17. The method of any one of claims 1-16, wherein the liver disease is selected from nonalcoholic fatty liver disease (NAFLD), alcoholic-related liver disease (ArLD), liver fibrosis and cirrhosis.

18. The method of claim 17, wherein the NAFLD is nonalcoholic steatohepatitis (NASH) or metabolic dysfunction associated steatohepatitis (MASH).

19. A method of editing a target ribonucleic acid (RNA) molecule encoding a PNPLA3-148M protein variant, the method comprising contacting the target RNA with an oligonucleotide capable of effecting ADAR-mediated adenosine to inosine alteration of the codon encoding the methionine at position 148, thereby editing the target RNA.

20. The method of claim 19, wherein the codon encoding the methionine at position 148 is converted from AUG to IUG.

21 . The method of claim 19 or claim 20, wherein the RNA is edited such that the methionine at position 148 of the encoded protein is replaced with valine.
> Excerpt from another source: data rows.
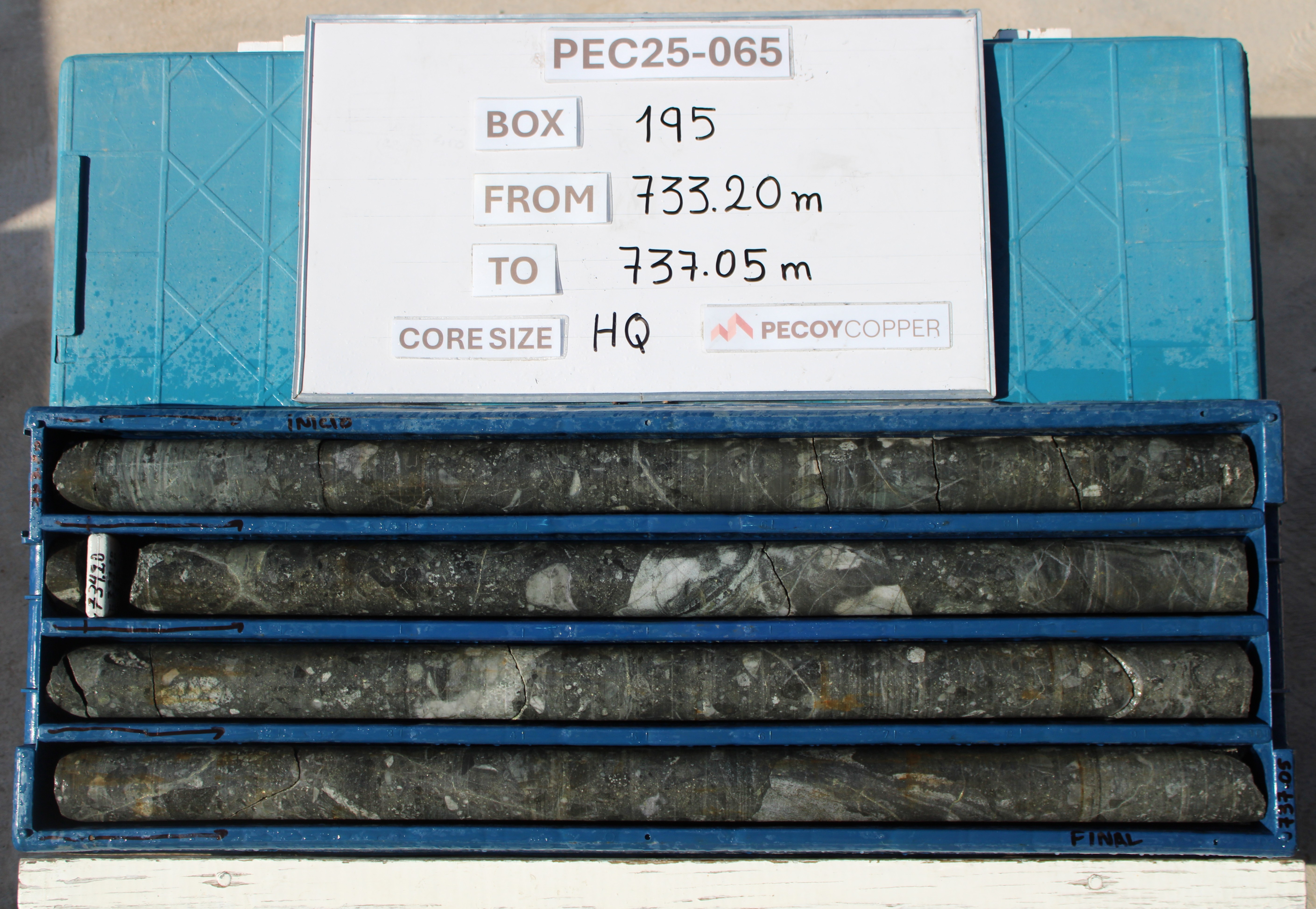 Hole PEC-25-065 targeted the South Breccia Zone, where mineralization is hosted within brecciated and altered intrusive and is characterized by chalcopyrite, gold, silver and molybdenite, consistent with a large porphyry-related system. Magnetite abundance appears, at times, spatially associated with higher gold values.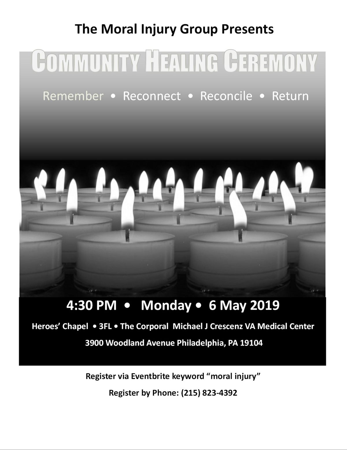 The Community Healing Ceremony is a service of reconciliation for Veterans and non-Veterans led by VA chaplains, community clergy, and Veterans.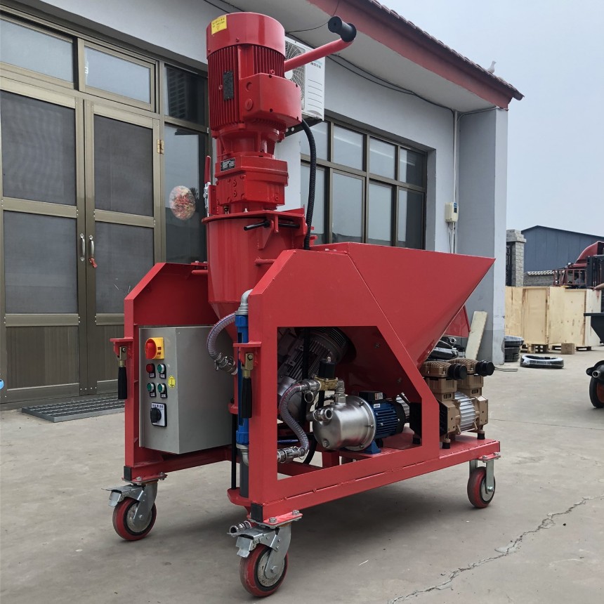 石膏喷涂机设备性能稳定基本上它不会出现空鼓或者是返工等方面的情况.。大大节省了人工费用。喷涂快,一面墙只需要几分钟既可喷涂完成。喷涂均匀,在喷涂的时候使用的是气压与喷嘴,所以喷涂的厚度比较好掌握,不会存在不平整的现象。根据喷涂厚度、输送距离调整喷头工作压力,适当调整气压与水压,喷距离墙面15cm~20cm。喷涂时要做到动作规律,速度均等,从左到右,从下至上将石膏均匀的喷涂到墙面上,根据墙面定位条控制喷涂厚度。用带槽刮板一次刮平,刮平时采用从下至上的方法。如果喷涂石膏浮雕装饰产品的图案花纹较浅,只有5~9mm左右,效果就会差得多。看表面光洁度:由于喷涂石膏浮雕装饰产品的图案花纹,在安装刷漆时不能再进行磨砂等处理,因此对表面光洁度的要求较高。只有表面细腻、手感光滑的喷涂石膏浮雕装饰产品安装刷漆后,才会有好的装饰效果。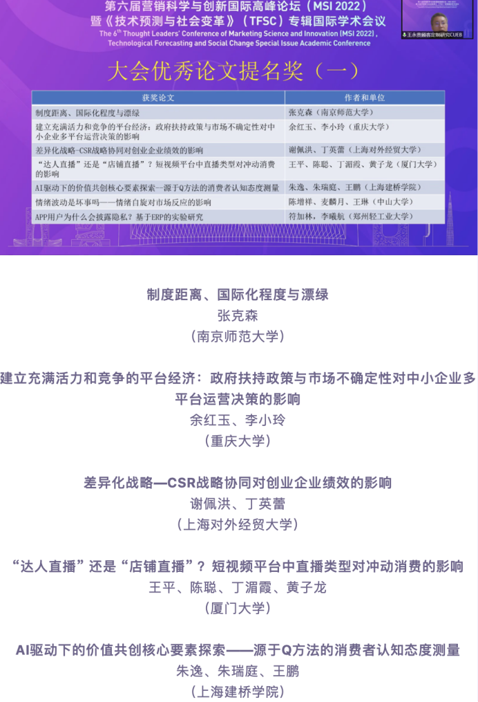 我校朱逸、朱瑞庭、王鹏提交的参会论文《AI驱动下的价值共创核心要素探索——源于Q方法的消费者认知态度测量》,经过400余篇论文的匿名评审和严格的层层筛选,获得大会优秀论文提名奖,相关研究内容在会议上进行了主题汇报。在所获奖的高校、科研机构中,本校为唯一获奖的民办高校。
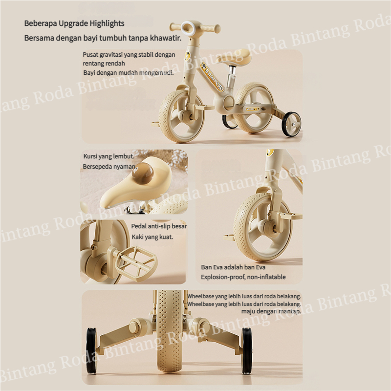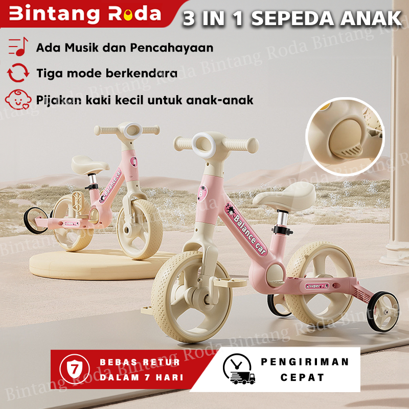 【Stok Lokal】Sepeda Anak 3 in 1 Bayi | Sepeda Roda Tiga + Balance Bike | Sepeda Kayuh dengan Musik & Lampu LED | Hadiah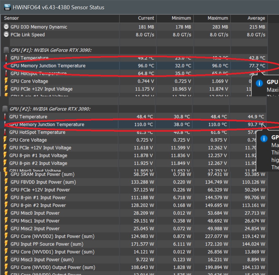 Trotz exakt gleicher Einstellungen und gleicher Temperaturen geht Karte 1 nach ca 2 Minuten ins Temperaturlimit und Leistungsaufnahme um ca 10% runter, Karte 2 läuft aber einwandfrei mit max Leistung. Beide Karten haben gleiche Temperaturen mit Luftkühlung (<50 Grad Celsius laut HWinfo, Lüfter 100%, offenes Gehäuse).

22. A method of restoring the function of the PNPLA3 protein in a subject characterised as having the PNPLA3-148M protein variant, the method comprising: administering to the subject an oligonucleotide or a DNA molecule encoding the oligonucleotide, wherein the oligonucleotide is capable of effecting ADAR-mediated editing of a polynucleotide encoding the PNPLA3-148M protein variant, and wherein the polynucleotide encoding the PNPLA3-148M protein variant undergoes ADAR- mediated editing at a codon encoding the methionine at position 148 such that the polynucleotide encodes a PNPLA3-148V protein variant.

23. Use of ADAR-mediated RNA editing to convert a PNPLA3-148M protein variant to a PNPLA3-148V protein variant in subjects having liver disease or at risk of developing liver disease.

24. Use of ADAR-mediated RNA editing to prevent or treat liver disease in subjects in need thereof, wherein the subjects are characterized as having a PNPLA3-148M protein variant and the ADAR-mediated RNA editing converts the PNPLA3-148M protein variant to a PNPLA3-148V protein variant.

25. The method of any one of claims 1-11 wherein the oligonucleotide is conjugated to N- acetylgalactosamine.